■ **Exercise objective**:
Your task is to write out the entire listing exactly, omitting its pictures.

START Source data

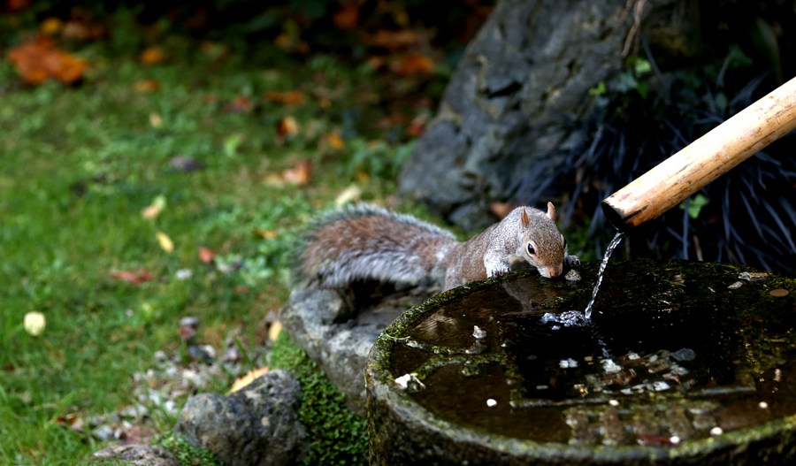 A squirrel drinks water at Holland Park in London, Britain, Nov. 5, 2023. (Xinhua/Li Ying)
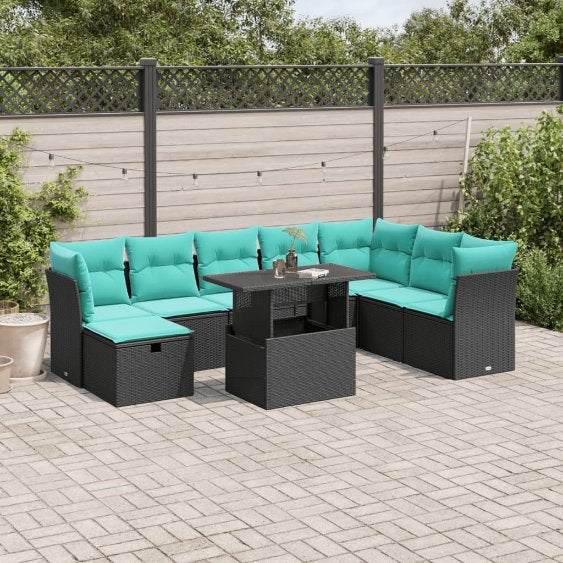 vidaXL 9-delige Loungeset met kussens poly rattan acacia grijs
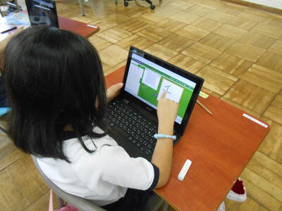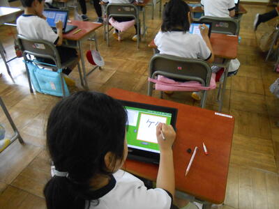 国語の漢字の学習をタブレットのドリルパークで行っていました。正しい筆順が示されたり、線からはみ出すと丸がもらえなかったりと、効果的に活用できます。
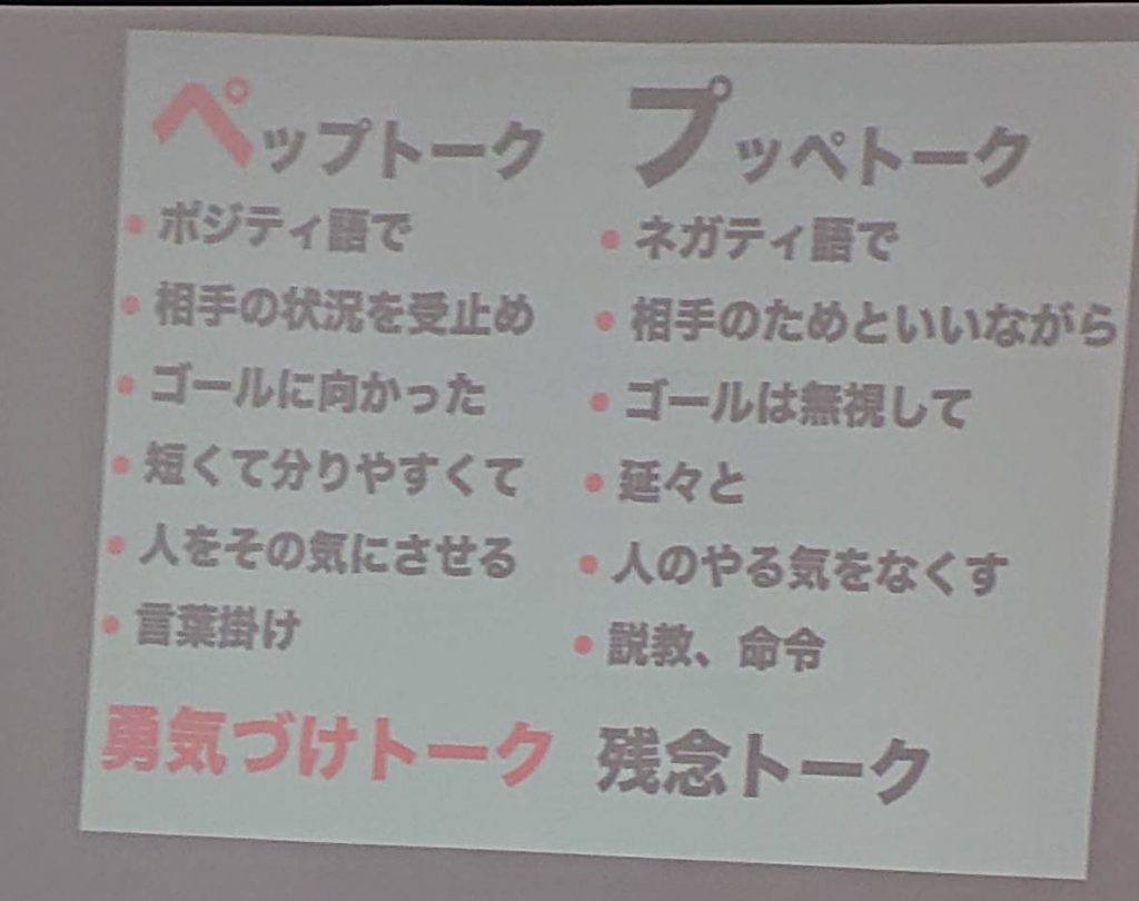 現在、このペップトークは、スポーツ界だけでなく、職場や家庭での子育てにも普及されているそうです。

END Source data

■ **Response box**:
 A squirrel drinks water at Holland Park in London, Britain, Nov. 5, 2023. (Xinhua/Li Ying)
 vidaXL 9-delige Loungeset met kussens poly rattan acacia grijs
 国語の漢字の学習をタブレットのドリルパークで行っていました。正しい筆順が示されたり、線からはみ出すと丸がもらえなかったりと、効果的に活用できます。
 現在、このペップトークは、スポーツ界だけでなく、職場や家庭での子育てにも普及されているそうです。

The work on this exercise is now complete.